The ladies then took us into there homes and dressed us up as locals.

We had a bit of a wander around their island, they have solar panels donated from the ex-presidente, which provide the families with lights and essentially TV, you gotta keep up with America’s Next Top Model when you live floating on a lake.



We bought a tapestry and boarded the boat for the next leg.

Our next stop was the reed island next door but we only spent 10 minutes on here, they had a primary school there and a supermarket. Unbelievable.

Back aboard the boat the last stop of the day was where we would stay for the night. Amantani Island. This is the largest island on the Peruvian side of the lake. We arrived at about 13:30 and were introduced to our family for the next day or so. Our host was called Baleria, like Malaria with a B!



She guided us up to her “house” and showed us to our room. The room was no more than 6” x 8 and had three beds in there. I sat on one of the beds shaking my head and Suz went off to find Balaria to help make lunch.


Suz was given the task of shelling beans and peeling potatoes with the biggest knife I’ve seen, I thought a finger was going to go flying any minute. I choose to stay in the room and read Keith Richards autobiography ‘Life’. (good book, I’ve been reading it for about a fortnight and would recommend it).

I was called down for lunch which was quinua soup made out of the beans and potatoes and some grain which was pretty nice as it goes. Especially when you se the ‘kitchen’ facilities she was working with!



I reckon I have made better dens than her house. The second course was rice, more potatoes and a slab of cooked cheese. The cheese was ok but really squeaky as you ate it. Hmmmm



After lunch Balaria decided she would go for a walk, which is fine apart from the fact that we had to meet the rest of the group at 16:00 and she was supposed to be showing us where this place was. It was five to four so we decided to go and try to find them ourselves.

We found the group at the top of the hill where we were supposed to be having a game of football with the locals, unfortunately the pitch was being ‘renovated’ so that didn’t happen. The rest of the group decided to walk to the top of the island to watch the sunset, me, Suz, Jos, Angela and Tracey decided to sit in a local cafĂ© and play Yatzee – a dice game. What a random day.



Our guide eventually came to find us at 18:00 and led us back down to the house, we had a bit of a relax and then tea was served about 19:30. We had more soup and then a pasta and potato dish (always double carbs!) which seemed to have meat in it but we were told they only have meat on very special occasions so I’m not really sure what it was.

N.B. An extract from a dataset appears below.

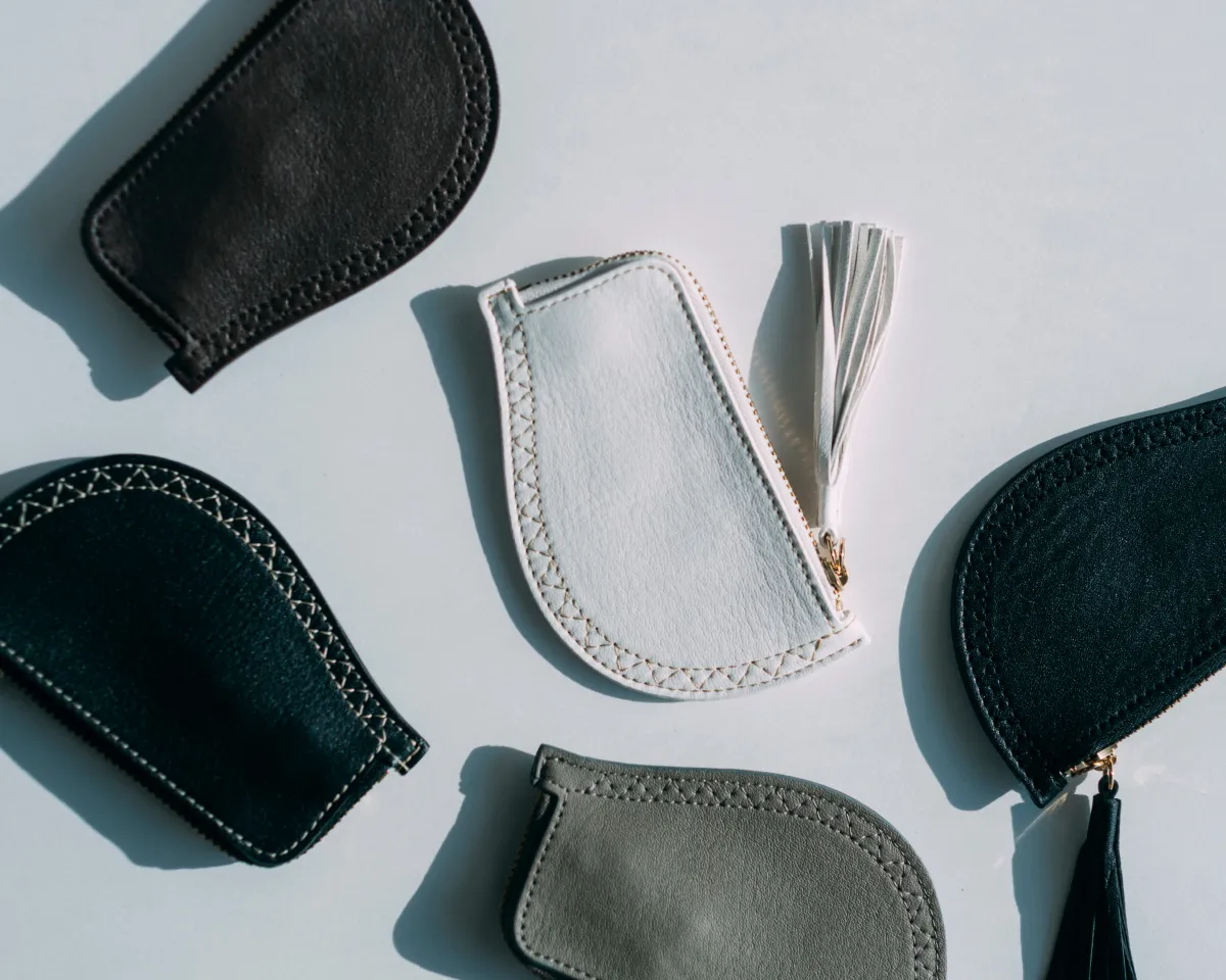 このキーコインケースは、ホワイト、ブラウン、グレー、ブラック、そしてホワイトステッチのブラックの5色展開です。ホワイトは無染色の生まれたての素肌のようなレザーで、残る4色は日常に溶け込む使いやすいカラーが特徴です。
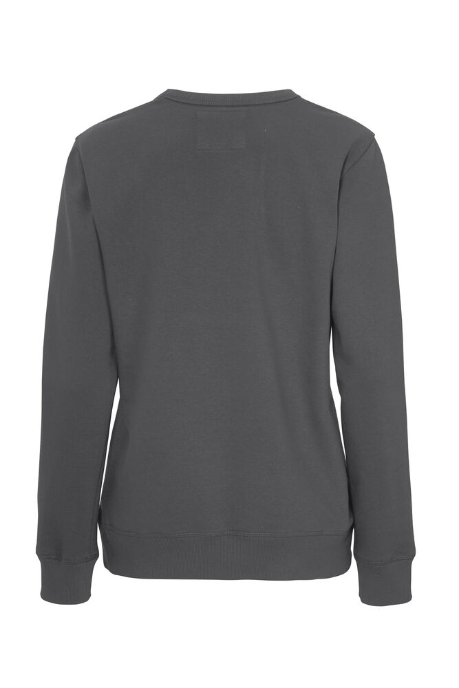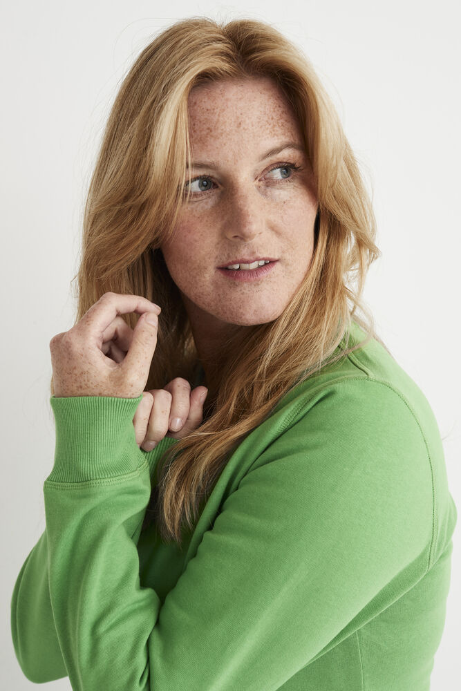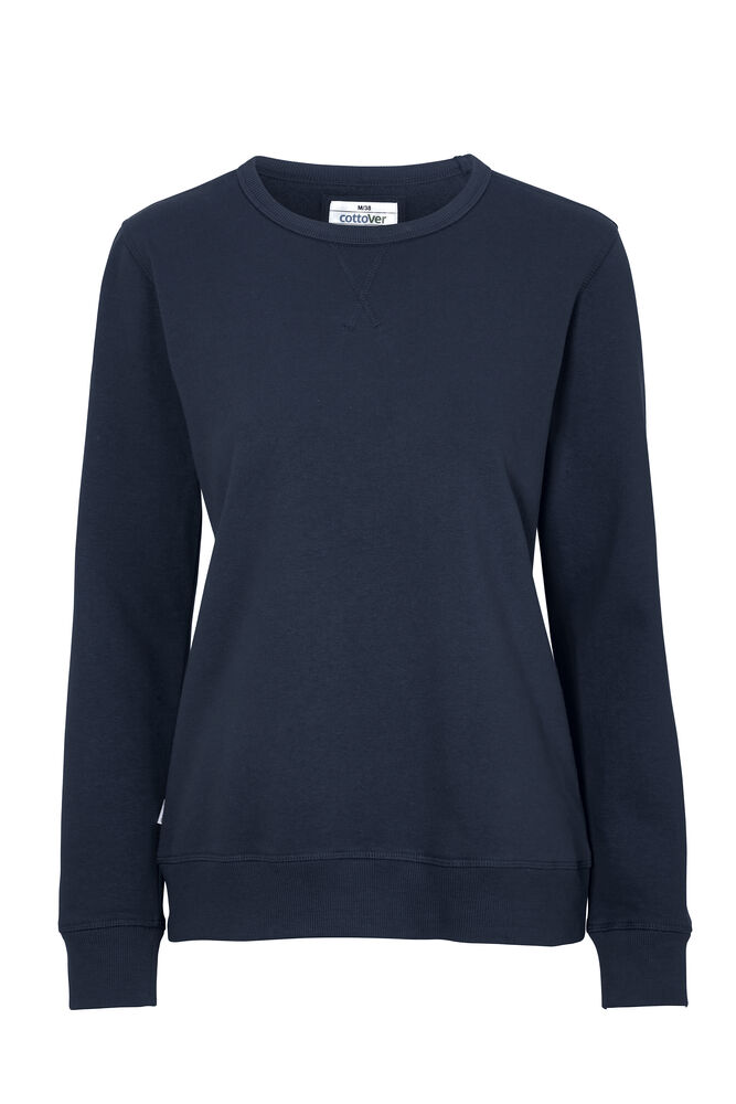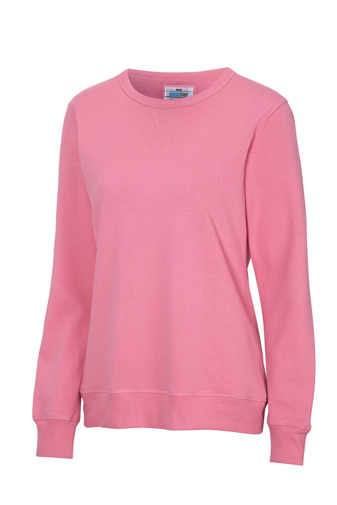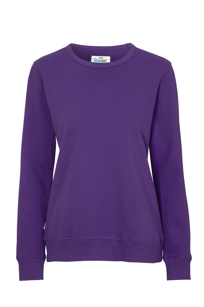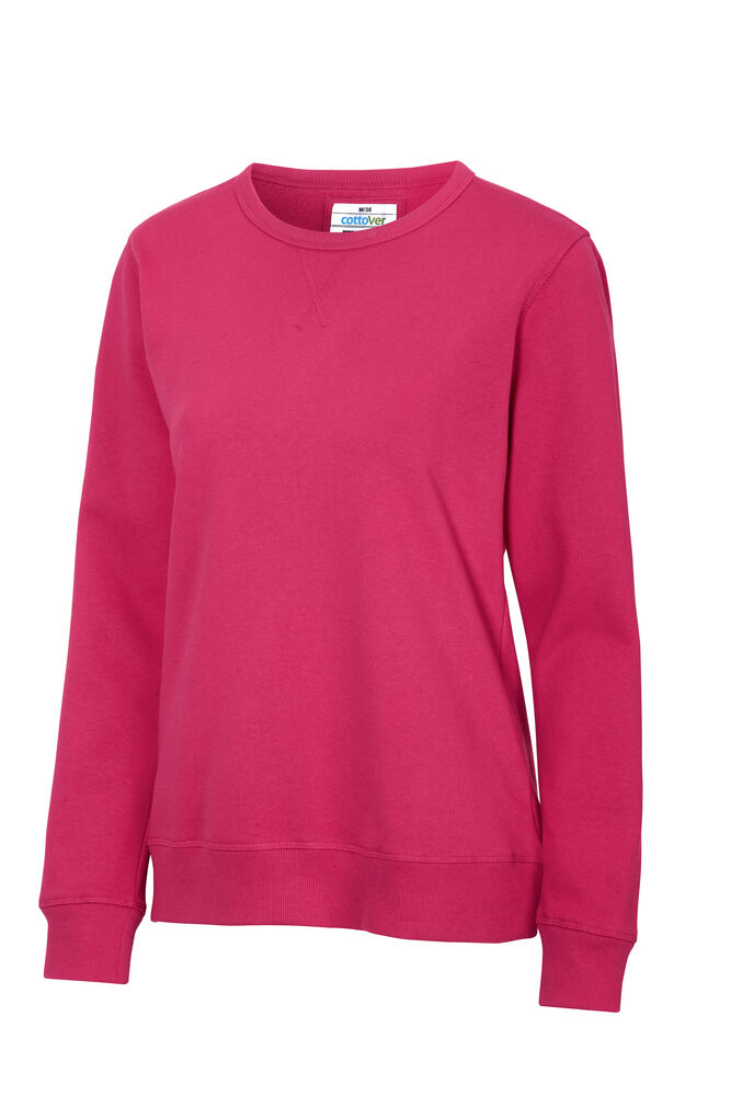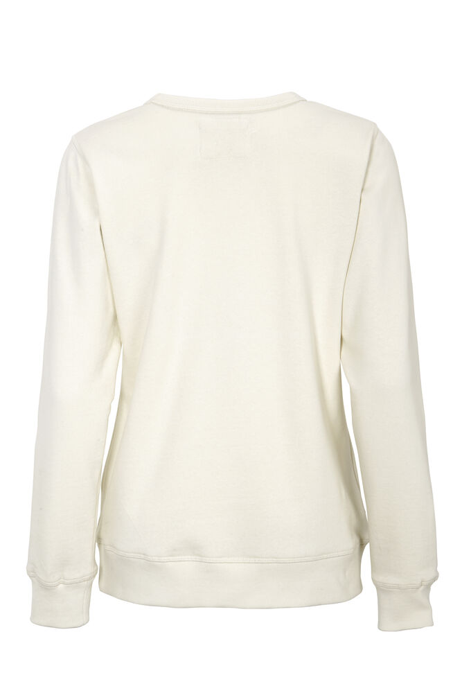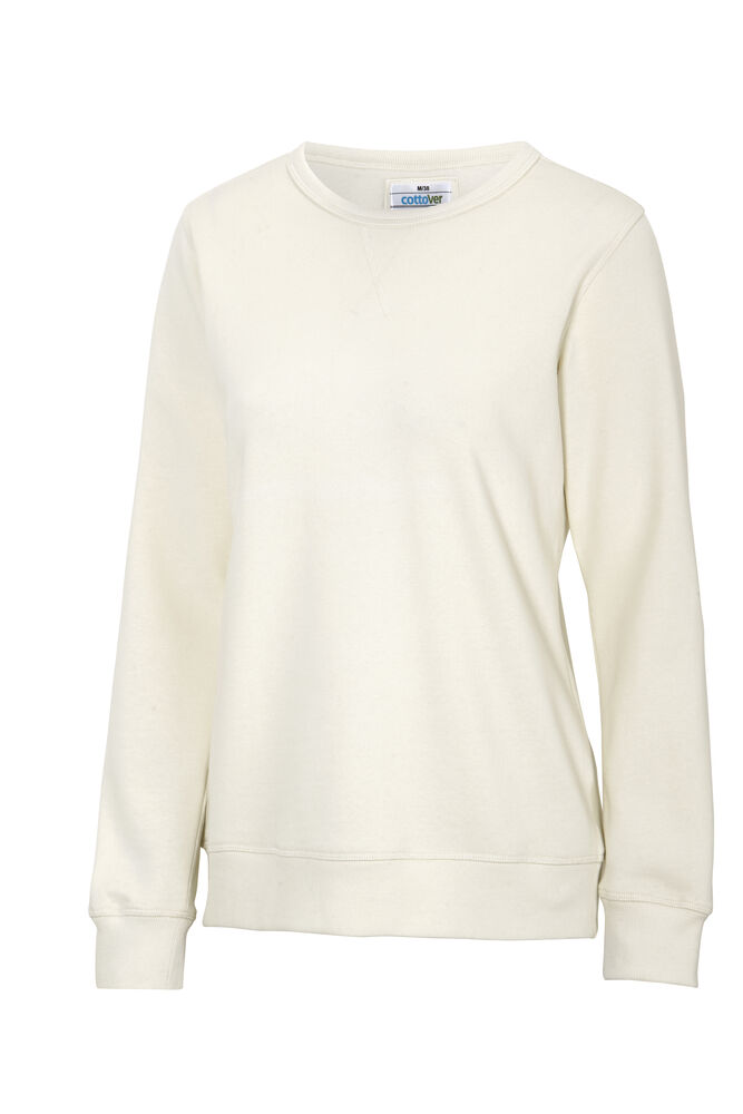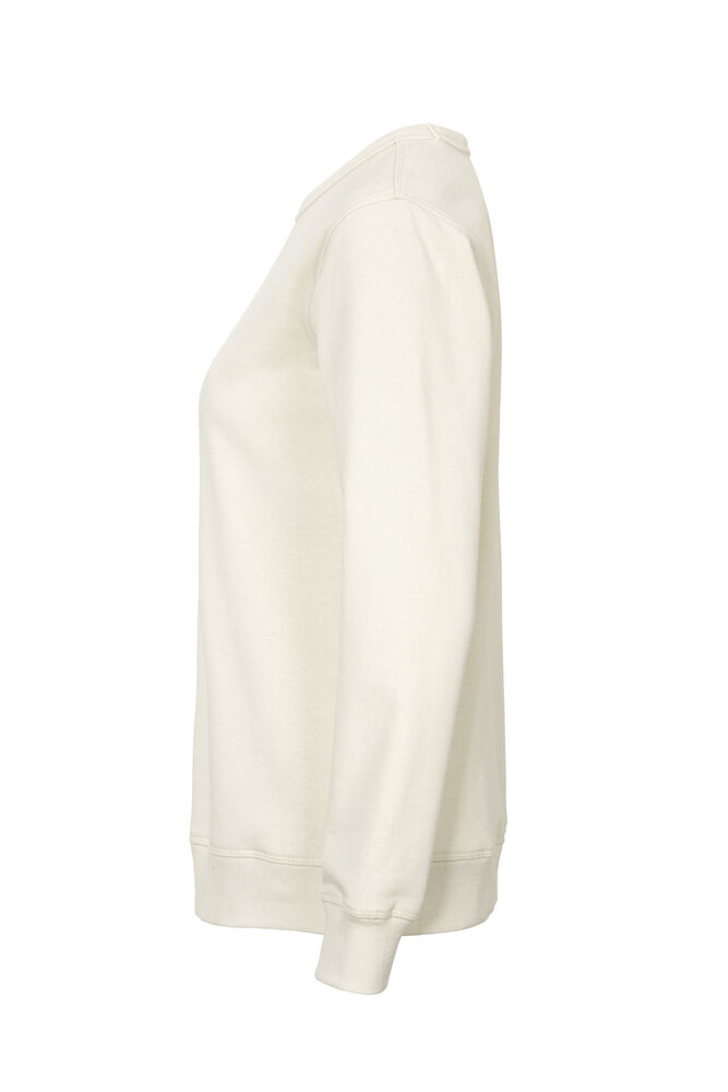Rundhalset genser med børstet innside. Damemodell. 2×2 ribbestrikk rundt hals, ermeavslutning og nederkant. Dekorative ton-i-ton sømmer i overlock.

We were dressed as locals for the second time today and were guided off to the local dance hall for a bit of a party. The local musicians came in and played some traditional music whilst the rest of us had a bit of a knees up…. For an hour.



That was about all we could manage – dancing at 4000m really takes it pout of you! Then the music stopped and everybody went home. It was 20:30!



We slid underneath the blankets (6, maybe 8 of them, which means you feel like you’re sleeping in a straight jacket) and quickly found ourselves in dreamy dream land. Another exhausting day in the bag.